Start of Block

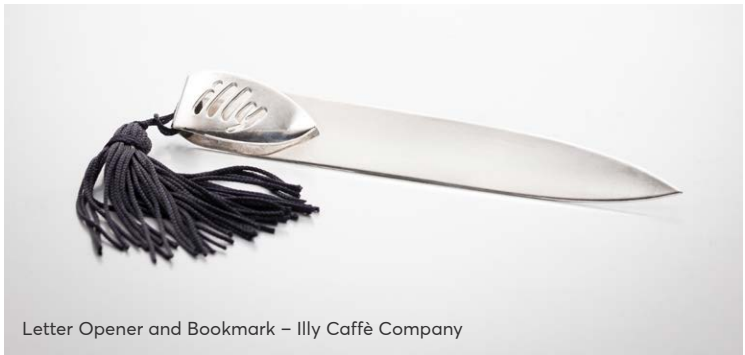
Letter Opener and Bookmark – Illy Caffè Company
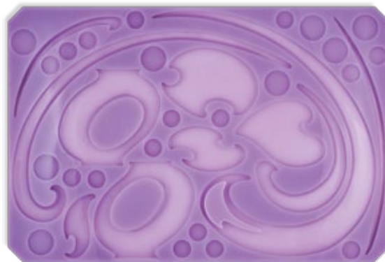
Waves ShowStopper SS01

With the new ShowStoppers, your pieces will cause heads to turn, and coworkers to marvel.
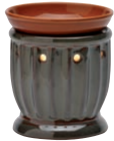
*Optional Dish For Plymouth (R) (Warmer base not included.) TOP-PLY2 $12
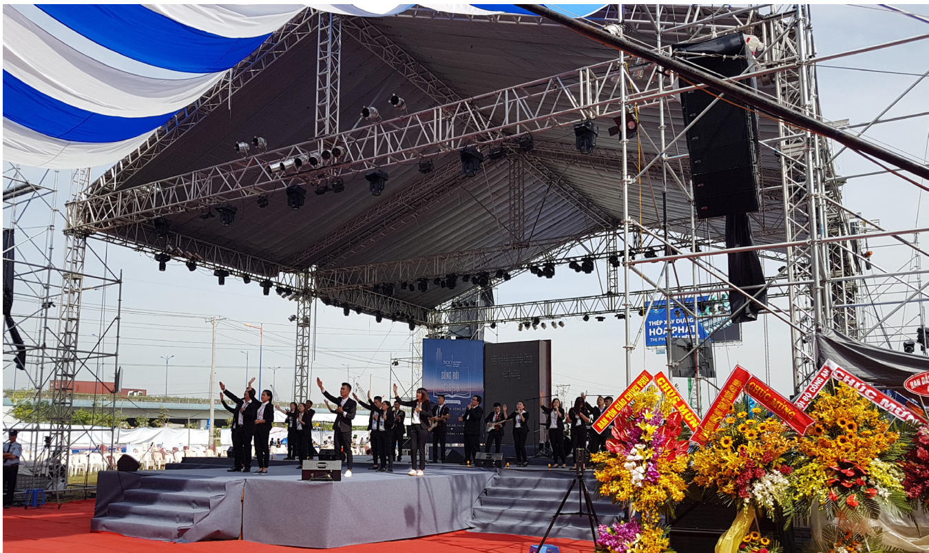
Combine churches youth group leading in Praise & Worship

当马来西亚全福会的领袖于11月 2日至3日到达胡志明市出席马丁路德宗教改革500周年庆典大会时，台风达维突然转移方向，使得这两天的天气晴朗，稍后当他们离开的时候，台风再次来袭！简直就是一个奇迹，感谢主！
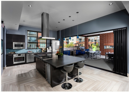
THE RESIDENCES AT HAMILTON LAKES, IL 297 UNITS
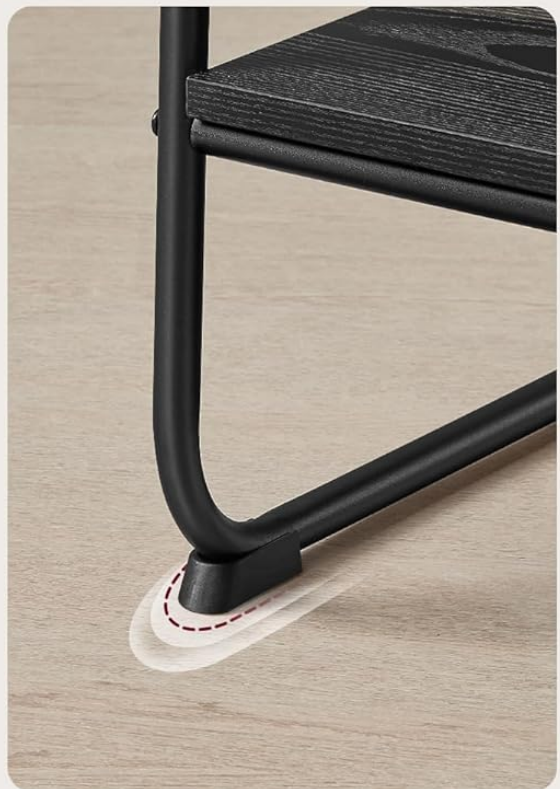
Image: Close-up details of the VASAGLE RGR116B02 garment rack, highlighting the X-bars at the back for stability and the design of the feet.

End of Block

◆ Exercise prompt ◆
Quote the material above exactly, from the line holding "THE RESIDENCES AT" through its last line, including both. Omit the pictures.

◆ Output for this task ◆
THE RESIDENCES AT HAMILTON LAKES, IL 297 UNITS
Image: Close-up details of the VASAGLE RGR116B02 garment rack, highlighting the X-bars at the back for stability and the design of the feet.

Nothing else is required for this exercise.